While the neccessary study on laser generated X-rays as a suitable radiography source is a field of activity in itself, the actual radiography experiments concentrate on imaging techniques and their application for the characterization of dense plasmas. The currently used methods apply Kα radiation because of its good signal to noise ratio. There are two concepts: point projection (ref.: Bennett, 2001) and crystal imaging, which uses a single crystal to select one wavelength in the process of point projection (ref.: Sinars, 2004).
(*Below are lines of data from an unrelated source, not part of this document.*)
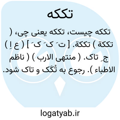 ( تککة ) تککة. [ ت َ ک َ ک َ ] ( ع اِ ) ج ِ تاک. ( منتهی الارب ) ( ناظم الاطباء ). رجوع به تُکَک و تاک شود.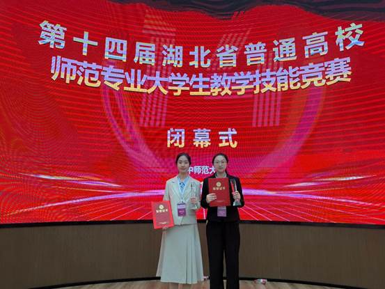 2025年11月8日,第十四届湖北省普通高校师范专业大学生教学技能竞赛决赛在华中师范大学圆满落幕。我们中文(师范)12201班李淑琦(指导老师:徐思雨、袁飘)获得高中语文组一等奖,中文(师范)12201班汪楚怡(指导老师:章芳、徐思雨)获得初中语文组二等奖。此外,历史系张诗语(指导老师:杨蓉、卢川)在初赛中获得高中历史组三等奖。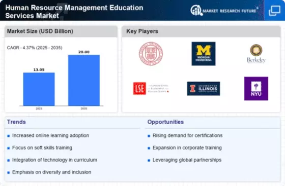 The Human Resource Management Education Services Market is characterized by a dynamic competitive landscape, driven by the increasing demand for skilled HR professionals and the evolving nature of work. Key players such as Cornell University (US), University of Michigan (US), and London School of Economics (GB) are strategically positioned to leverage their academic prowess and industry connections. These institutions focus on innovation in curriculum design, digital transformation of learning platforms, and partnerships with businesses to enhance employability outcomes for graduates. Their collective strategies not only foster a competitive environment but also contribute to the overall growth of the market by aligning educational offerings with industry needs.In terms of business tactics, institutions are increasingly localizing their programs to cater to regional workforce demands, optimizing their supply chains for educational resources, and enhancing their online learning capabilities. The market appears moderately fragmented, with a mix of established universities and emerging online education platforms. The influence of key players is substantial, as they set benchmarks for quality and relevance in HR education, thereby shaping the expectations of both students and employers.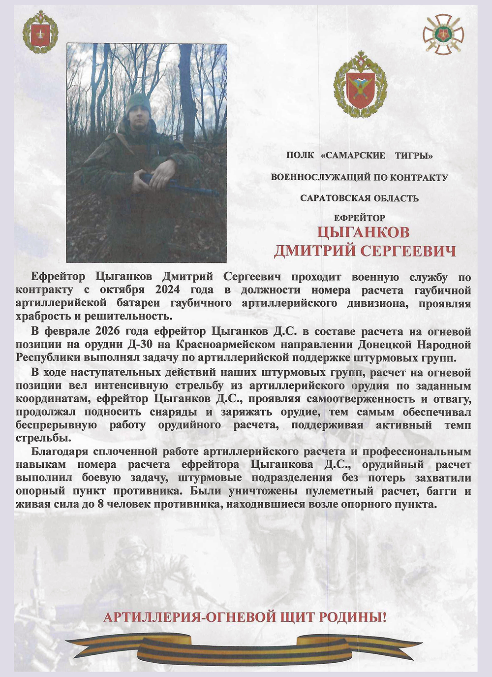 Как сообщается в официальном письме командования, ключевой эпизод, за который боец представлен к поощрению, произошел в феврале 2026 года на Красноармейском направлении Донецкой Народной Республики. Действуя в составе расчета на огневой позиции из орудия Д-30, ефрейтор Цыганков выполнял задачу по артиллерийской поддержке штурмовых групп.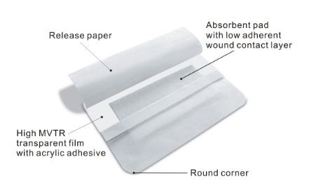 Film Island Dressing combines the benefits of nonwoven wound dressing and a high MVTR, waterproof film. Made of Transparent semi-permeable polyurethane film, Absorbent pad with low adherent wound contact layer and hypoallergenic acrylic adhesive.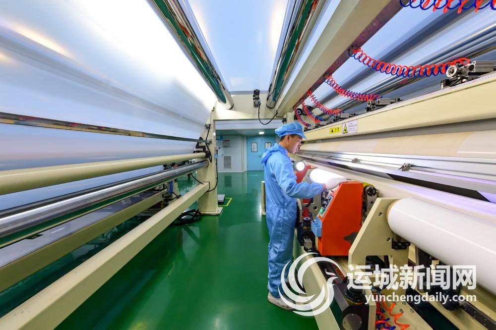 在位于永济经济技术开发区的山西蓝科途新材料科技有限公司,偌大的无尘生产车间里,伴随着机器轰鸣声,多条生产线正开足马力运转,经过牵引、纵拉、横拉、萃取、定型等多道工序后,聚乙烯粉末等原材料被拉伸成一张薄薄的“塑料布”,这些“塑料布”便是锂电池的四大关键材料之一——锂电池隔膜。

Generally, the spatial resolution increases with smaller laser spot sizes.

  Point projection Crystal imaging
Concept A very small X-ray source illuminates an object. The shadow of the target is recorded by film. All generated X-ray wavelengths contribute. A point projection, but the crystal creates spatially seperate images of the object for each wavelength that has been created in the laser target. One separates only the intense image of the Kα line.
Drawbacks Every X-ray wavelength has a different penetration depth into matter, thus their different contributions to the shadow image lead to a slightly blurred composed result The imaging is dependent on fulfilling the bragg-condition for crystal planes. Thus the alignment is more difficult and sensitive. Besides, Z is a hostile environment and the crystal is destroyed in the exeriment.
  • Robust and "simple" setup
  • Very high contrast
  • The focusing properties of the crystal improve the efficiency
  • Larger field of view

The images below show crystal imaged radiographs of a hydrodynamic jet exeriment and the early phase of an implosion of a hemispherical capsule. Other examples of images can be found under "laser generated X-rays". For additional information, please see the related news article, too.

Advanced Approaches

As new ultrashort pulse laser capabilities like Z-Petawatt come online, the radiography options will expand. Using a kiloJoule/picosecond class system, the x-ray efficiency begins to ramp up around 10 keV and can produce x-rays up to 100’s of keV. Realistically, Z-Petawatt will expand x-ray radiography options into the 10 to 100 keV range, allow the probing of denser matter on very short time-scales. Furthermore, a system like Z-Petawatt can produce proton beams which can also be used for radiography, with the added benefit that the protons can be used for electric field mapping.